Early Max Fleischer Art Gallery (3:05) are 19 sketches from his notebooks. It’s basic stuff you’d find amongst the drawings done by anyone taking an art class in high school.

Females Is Fickle Pencil Test (0:30) has Popeye grabbing for a goldfish.

Stealin Aint Honest Storyboard Reel (6:12) runs the cartoon in one corner while showing us the original sketch with the dialogue.

“I’m Popeye the Sailor Man” Vintage Audio Recording (2:22) lets us hear the theme song in an extended form. Sounds like it was taken off a 78 rpm single.

Michael Sporn Interviews Jack Mercer (6:11) is a chat with the second man to voice Popeye. Mercer’s normal voice sounds like a cartoon voice. He tells how he went from the art department to the star of the studio. Does sound like he’s reading off notes, but it helps him give a direct answer. He sings the theme song at the finish.

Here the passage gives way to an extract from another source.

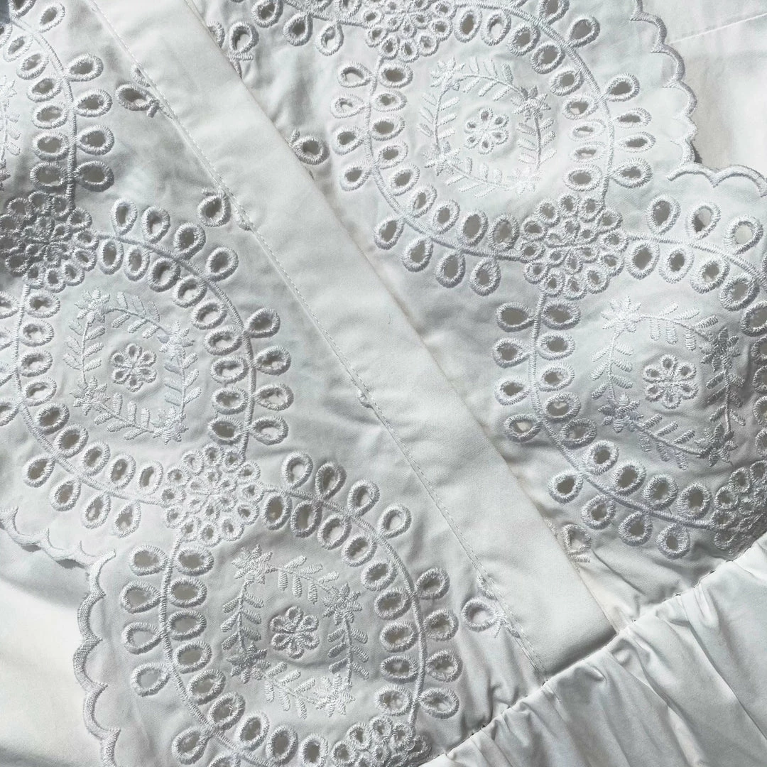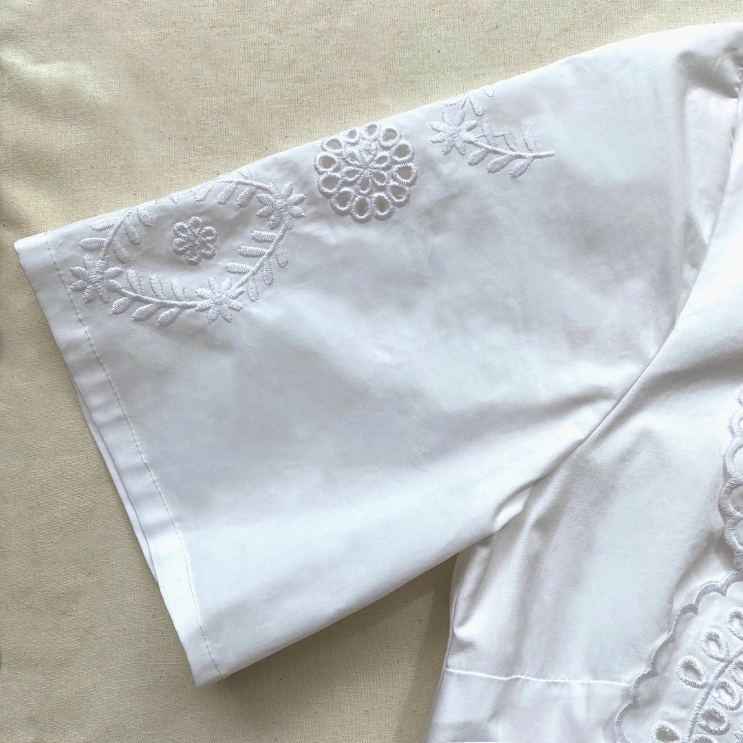 This white midi dress is cut from organic cotton. It has a shirt collar with a concealed placket. The front bodice and sleeves are detailed with broderie anglaise. The skirt falls to a full silhouette and finishes on the scallop edge of the broderie. Check the Size Guide to find your perfect fit.

Popeye The Sailor: Volume Two, 1938 – 1940 takes us to that magical time when a skinny gal caused two muscle bound guys to beat each other to bloody pulps. It’s like The Jerry Springer Show without security to pull them apart. This collection is perfect for those that grew up watching Popeye cartoons on TV after school that still like to eat their spinach. This has only half the cartoons of last year’s Volume 1, but Volume 3 is slated for Sept. 30. Enjoy the vintage naval mayhem.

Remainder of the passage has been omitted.